EXERCISE BRIEF = An exact copy of every record is needed, with the pictures left out.

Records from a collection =
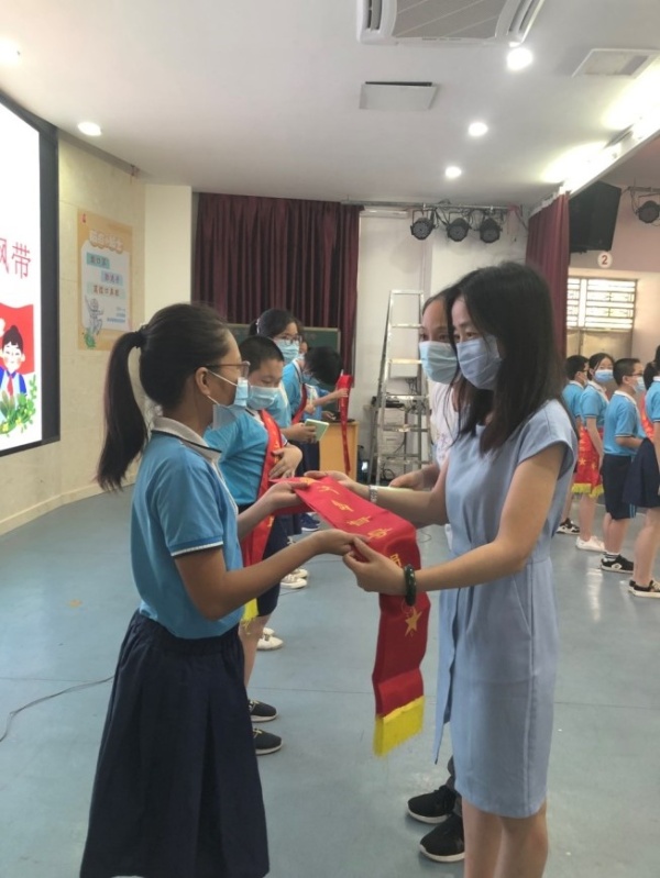 最后,各年級(jí)組長(zhǎng)為文明督導(dǎo)員們頒發(fā)記錄本和紅飄帶,文明督導(dǎo)員們拿著記錄本,將認(rèn)真記錄同學(xué)們的行為情況,披上紅飄帶,將努力承擔(dān)起創(chuàng)建文明班級(jí)、文明校園的責(zé)任。
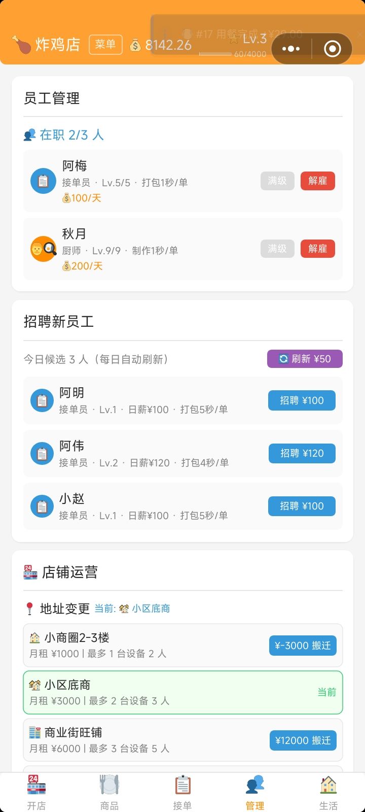 8.剧情线:雇佣了阿梅,第10天聊天列表解锁阿梅,第12天出现小雨,27天解锁小雨,开了猪脚饭后面会解锁婉儿。跟女友过生日必须开蛋糕店,跟女友表白必须开鲜花店。
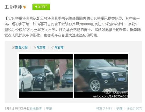 6日上午,京城律师王令在其微博中称:“对福建沙县县委书记陈瑞喜的实名举报已提交纪委,其中第一条:经初步了解,陈瑞喜同志的妻子驾驶有牌照为9999的奥迪Q5款豪华轿车,该款车型税后价格80万元至40万元不等。作为县委书记的妻子,驾驶如此豪华的轿车,既影响党在人民群众中的形象,也客观存在着重大违法违纪的可能。”在王令的微博中,还贴出了奥迪Q5汽车照片。
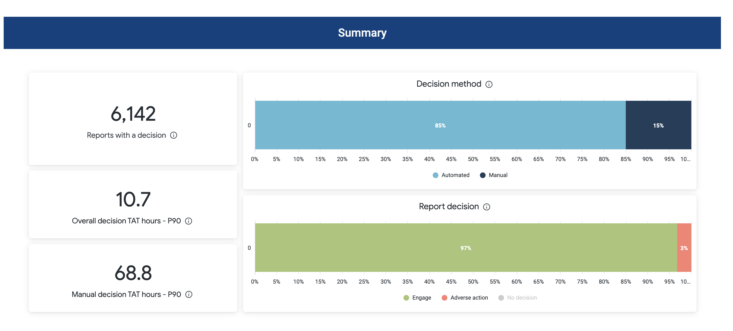 Team Performance – Analyze your team's manual adjudication efficiency with detailed performance metrics including turnaround times and individual adjudicator breakdowns. Toggle between different views to focus on specific decision types.
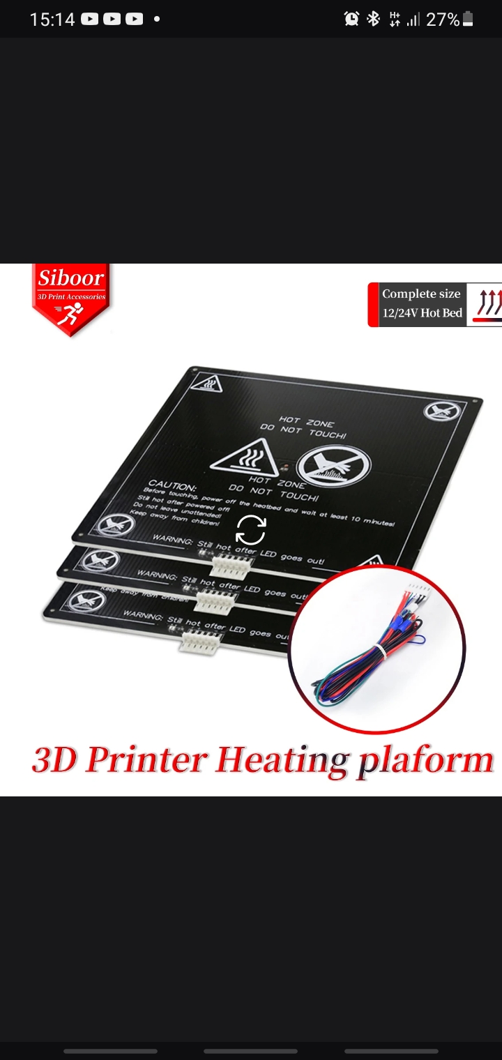 Добрый день! Строю новый принтер на электронике 24 вольта, и вдруг я вспомнил, что алюминиевый нагревательный стол,имеющийся в наличии, который я хотел поставить как временный вариант расчитан на 12v и он не переделывается на 24 (фото стола прицеплю)
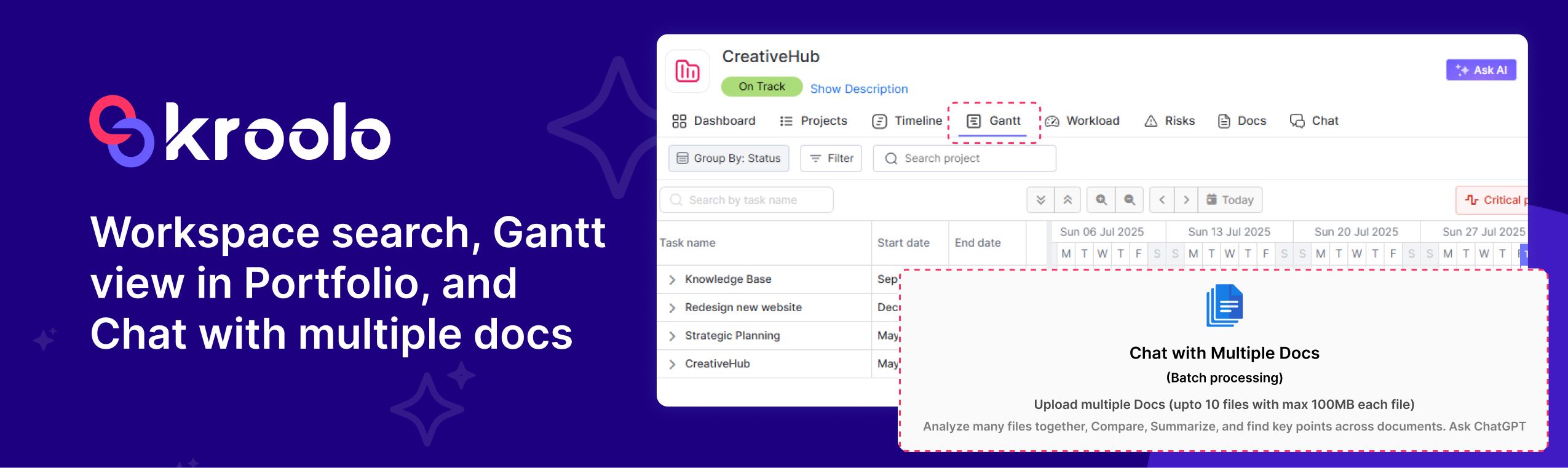 A revamp of the AI assistance feature, known as "Ask AI," was implemented to provide enhanced and more intelligent support within the Project, Board, and Portfolio sections. This upgrade delivers smarter, more context-aware insights to users, empowering them to make better-informed decisions at every level of their workflow. With the improved AI, users can now receive tailored recommendations, real-time analysis, and actionable suggestions specifically aligned to their individual projects, boards, or portfolio overviews. This improvement not only streamlines the decision-making process but also increases overall efficiency by delivering relevant guidance exactly when and where it’s needed.
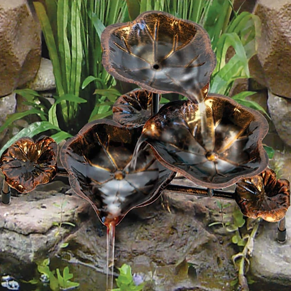 Unique metal leaf spitter to accent any pond. It provides a subtle amount of trickling water for a soothing ambiance. Nicely dresses up any pond.
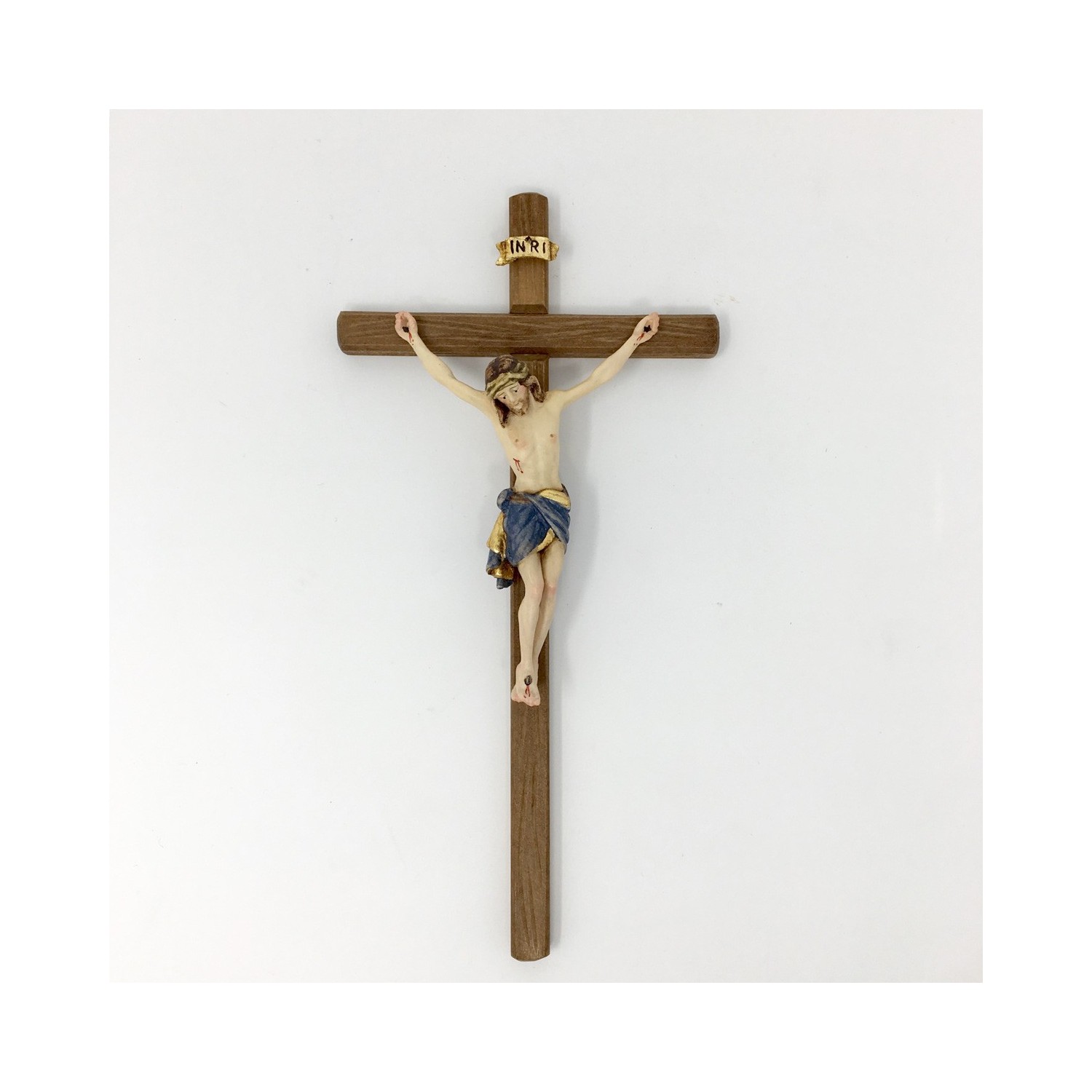 Crucifix in wood carved and hand painted by the master sculptors in Val Gardena. Painted with oil colors, to hang.
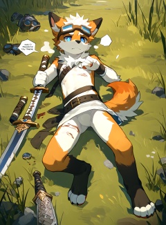 Solo,short hair,blue eyes,1 boy,animal ears,tail,whole body,male focus English text,goggles,dog ears,furry,head goggles,dog tail,toeless legs,furry male,white fur,animal nose,dog boy,orange fur,source furry,human,body hair,death,corpse,lying down,expressionless,whole body,limb weakness,limb extension,death,distant view,body hair,mouth slightly open,wear,no pupil,Lying flat,dead,rotting,killed by monsters,sword placed next to the body,stop breathing.white eye,green grassland,distant viewdistant viewdistant viewdistant viewdistant viewdistant viewdistant viewdistant view,<lora:电影工坊V3.0:0.44>,<lora:nayoshi01g:0.4>,<lora:细腻线条:0.35>,<lora:Expressive_H:0.3>,
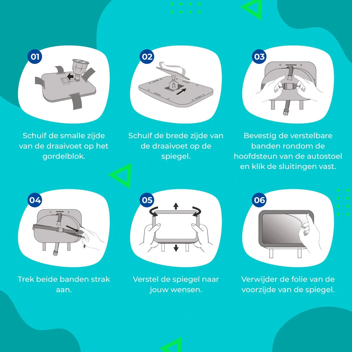 De bedoeling van deze spiegel is dat je deze aan een van de hoofdsteunen op de achterbank bevestigd, zodat jij via je achteruitkijkspiegel in de spiegel kijkt. De spiegel is in no-time te bevestigen door de handige banden die ook nog eens verstelbaar zijn. Bovendien kun je de spiegel bevestigen aan elke autostoel zonder vaste hoofdsteun.
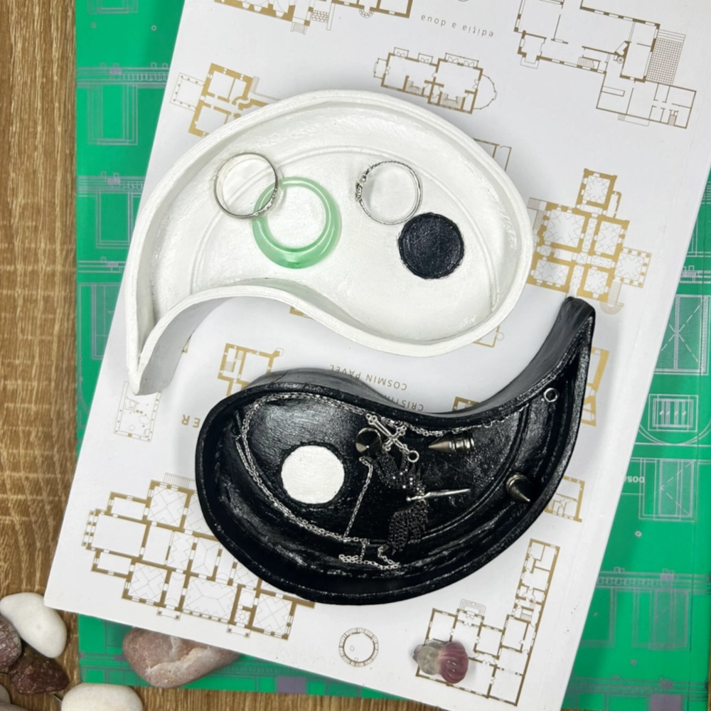 În plus, setul aduce un element estetic aparte prin contrastul clar alb–negru, care evidențiază simbolul Yin–Yang. Pe lângă funcționalitate, tăvița devine un mic detaliu decorativ, potrivit pentru orice încăpere și pentru a mentine organizate obiectele dragi tie
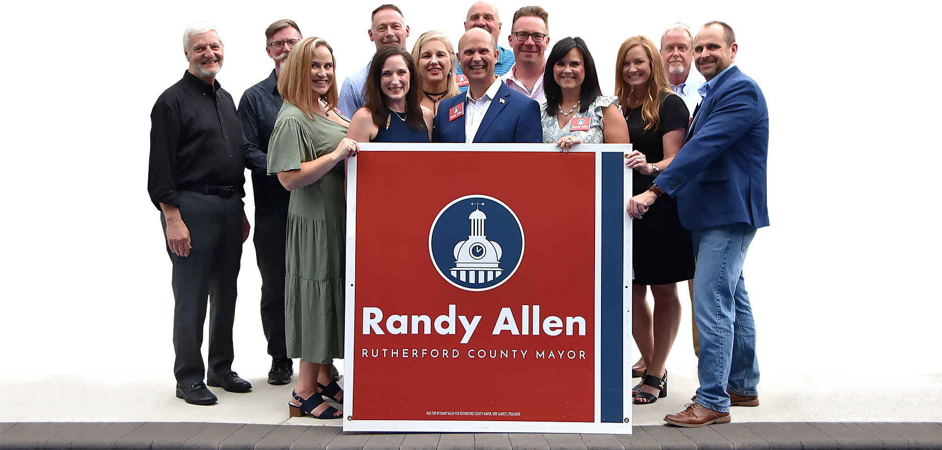 Randy Allen isn’t a career politician, he’s a proven civic leader. A longtime Rutherford County resident, he’s been married to his wife Cynthia for 34 years, built his career locally, and earned his degree from Middle Tennessee State University.
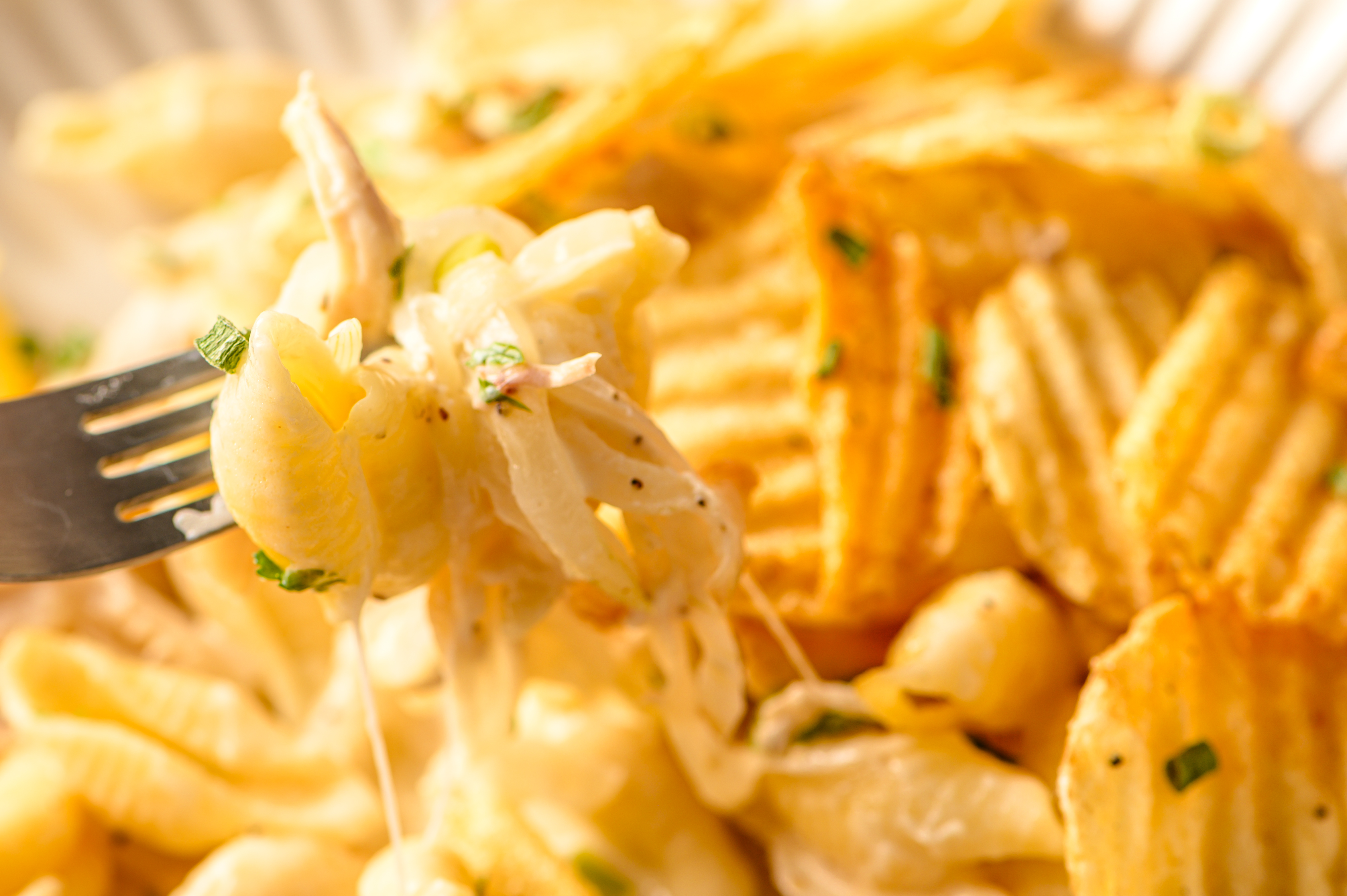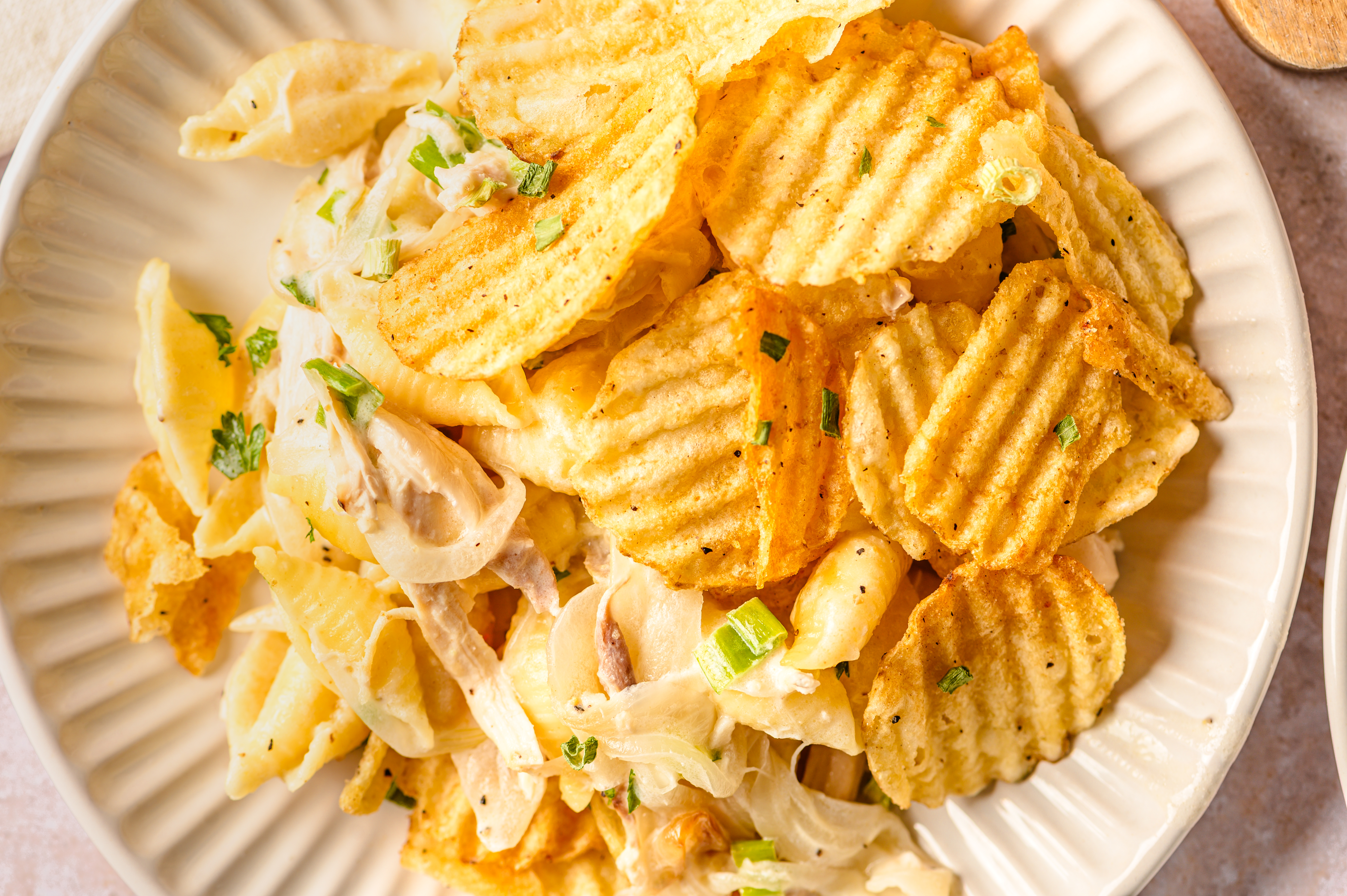 It's not just a name; Pure-Comfort Casserole is absolutely and undeniably pure comfort in dinner form! Golden caramelized onions and juicy, savory shredded chicken, mixed with tender pasta in a rich and creamy sauce will have lips smacking and forks scraping to get at every last morsel on your plate. Perhaps best of all, the topping is made of potato chips. What else do you need to know about Pure-Comfort Casserole? It's relaxation on a plate!

RESULT OF THIS TASK =
 最后,各年級(jí)組長(zhǎng)為文明督導(dǎo)員們頒發(fā)記錄本和紅飄帶,文明督導(dǎo)員們拿著記錄本,將認(rèn)真記錄同學(xué)們的行為情況,披上紅飄帶,將努力承擔(dān)起創(chuàng)建文明班級(jí)、文明校園的責(zé)任。
 8.剧情线:雇佣了阿梅,第10天聊天列表解锁阿梅,第12天出现小雨,27天解锁小雨,开了猪脚饭后面会解锁婉儿。跟女友过生日必须开蛋糕店,跟女友表白必须开鲜花店。
 6日上午,京城律师王令在其微博中称:“对福建沙县县委书记陈瑞喜的实名举报已提交纪委,其中第一条:经初步了解,陈瑞喜同志的妻子驾驶有牌照为9999的奥迪Q5款豪华轿车,该款车型税后价格80万元至40万元不等。作为县委书记的妻子,驾驶如此豪华的轿车,既影响党在人民群众中的形象,也客观存在着重大违法违纪的可能。”在王令的微博中,还贴出了奥迪Q5汽车照片。
 Team Performance – Analyze your team's manual adjudication efficiency with detailed performance metrics including turnaround times and individual adjudicator breakdowns. Toggle between different views to focus on specific decision types.
 Добрый день! Строю новый принтер на электронике 24 вольта, и вдруг я вспомнил, что алюминиевый нагревательный стол,имеющийся в наличии, который я хотел поставить как временный вариант расчитан на 12v и он не переделывается на 24 (фото стола прицеплю)
 A revamp of the AI assistance feature, known as "Ask AI," was implemented to provide enhanced and more intelligent support within the Project, Board, and Portfolio sections. This upgrade delivers smarter, more context-aware insights to users, empowering them to make better-informed decisions at every level of their workflow. With the improved AI, users can now receive tailored recommendations, real-time analysis, and actionable suggestions specifically aligned to their individual projects, boards, or portfolio overviews. This improvement not only streamlines the decision-making process but also increases overall efficiency by delivering relevant guidance exactly when and where it’s needed.
 Unique metal leaf spitter to accent any pond. It provides a subtle amount of trickling water for a soothing ambiance. Nicely dresses up any pond.
 Crucifix in wood carved and hand painted by the master sculptors in Val Gardena. Painted with oil colors, to hang.
 Solo,short hair,blue eyes,1 boy,animal ears,tail,whole body,male focus English text,goggles,dog ears,furry,head goggles,dog tail,toeless legs,furry male,white fur,animal nose,dog boy,orange fur,source furry,human,body hair,death,corpse,lying down,expressionless,whole body,limb weakness,limb extension,death,distant view,body hair,mouth slightly open,wear,no pupil,Lying flat,dead,rotting,killed by monsters,sword placed next to the body,stop breathing.white eye,green grassland,distant viewdistant viewdistant viewdistant viewdistant viewdistant viewdistant viewdistant view,<lora:电影工坊V3.0:0.44>,<lora:nayoshi01g:0.4>,<lora:细腻线条:0.35>,<lora:Expressive_H:0.3>,
 De bedoeling van deze spiegel is dat je deze aan een van de hoofdsteunen op de achterbank bevestigd, zodat jij via je achteruitkijkspiegel in de spiegel kijkt. De spiegel is in no-time te bevestigen door de handige banden die ook nog eens verstelbaar zijn. Bovendien kun je de spiegel bevestigen aan elke autostoel zonder vaste hoofdsteun.
 În plus, setul aduce un element estetic aparte prin contrastul clar alb–negru, care evidențiază simbolul Yin–Yang. Pe lângă funcționalitate, tăvița devine un mic detaliu decorativ, potrivit pentru orice încăpere și pentru a mentine organizate obiectele dragi tie
 Randy Allen isn’t a career politician, he’s a proven civic leader. A longtime Rutherford County resident, he’s been married to his wife Cynthia for 34 years, built his career locally, and earned his degree from Middle Tennessee State University.
 It's not just a name; Pure-Comfort Casserole is absolutely and undeniably pure comfort in dinner form! Golden caramelized onions and juicy, savory shredded chicken, mixed with tender pasta in a rich and creamy sauce will have lips smacking and forks scraping to get at every last morsel on your plate. Perhaps best of all, the topping is made of potato chips. What else do you need to know about Pure-Comfort Casserole? It's relaxation on a plate!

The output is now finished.